START TASK MATERIAL
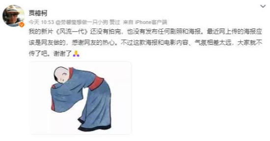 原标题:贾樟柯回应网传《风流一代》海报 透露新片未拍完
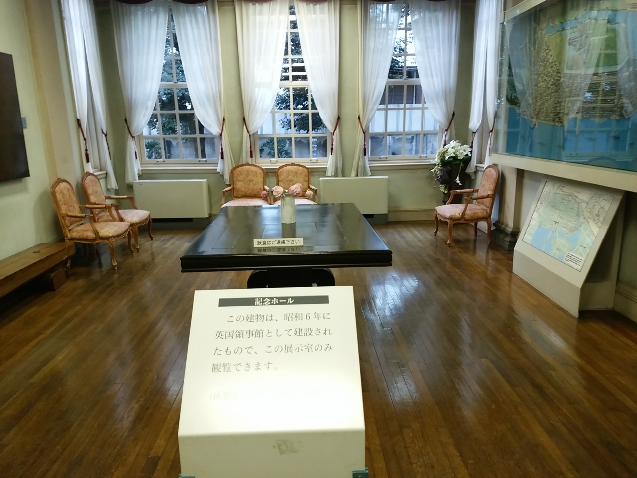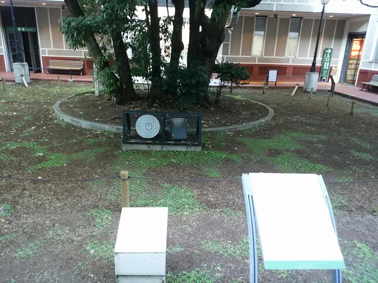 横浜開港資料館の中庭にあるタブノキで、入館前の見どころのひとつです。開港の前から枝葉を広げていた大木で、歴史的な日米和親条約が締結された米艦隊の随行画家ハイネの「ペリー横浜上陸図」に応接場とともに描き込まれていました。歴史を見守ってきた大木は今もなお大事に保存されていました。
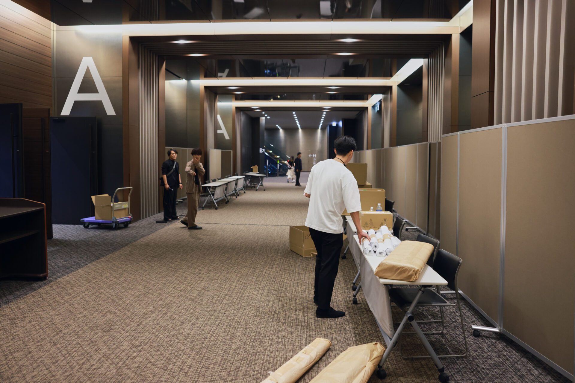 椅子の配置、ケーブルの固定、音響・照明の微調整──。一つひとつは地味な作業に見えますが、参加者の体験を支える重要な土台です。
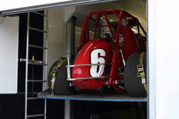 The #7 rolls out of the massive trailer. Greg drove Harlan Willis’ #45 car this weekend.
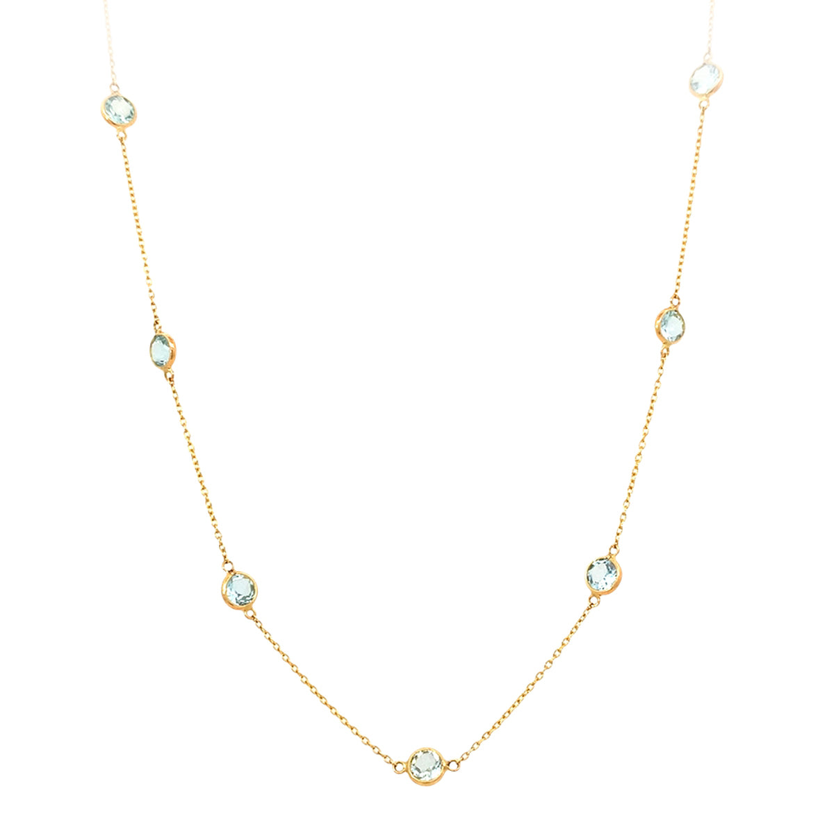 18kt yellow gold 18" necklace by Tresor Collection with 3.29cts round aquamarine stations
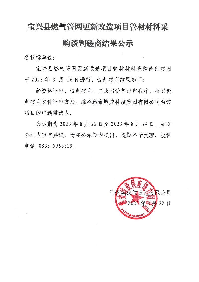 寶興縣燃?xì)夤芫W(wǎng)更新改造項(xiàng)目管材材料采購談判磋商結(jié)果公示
END TASK MATERIAL
TASK PROMPT: Give back every entry in its exact wording, leaving the pictures out.

REPLY:
 原标题:贾樟柯回应网传《风流一代》海报 透露新片未拍完
 横浜開港資料館の中庭にあるタブノキで、入館前の見どころのひとつです。開港の前から枝葉を広げていた大木で、歴史的な日米和親条約が締結された米艦隊の随行画家ハイネの「ペリー横浜上陸図」に応接場とともに描き込まれていました。歴史を見守ってきた大木は今もなお大事に保存されていました。
 椅子の配置、ケーブルの固定、音響・照明の微調整──。一つひとつは地味な作業に見えますが、参加者の体験を支える重要な土台です。
 The #7 rolls out of the massive trailer. Greg drove Harlan Willis’ #45 car this weekend.
 18kt yellow gold 18" necklace by Tresor Collection with 3.29cts round aquamarine stations
 寶興縣燃?xì)夤芫W(wǎng)更新改造項(xiàng)目管材材料采購談判磋商結(jié)果公示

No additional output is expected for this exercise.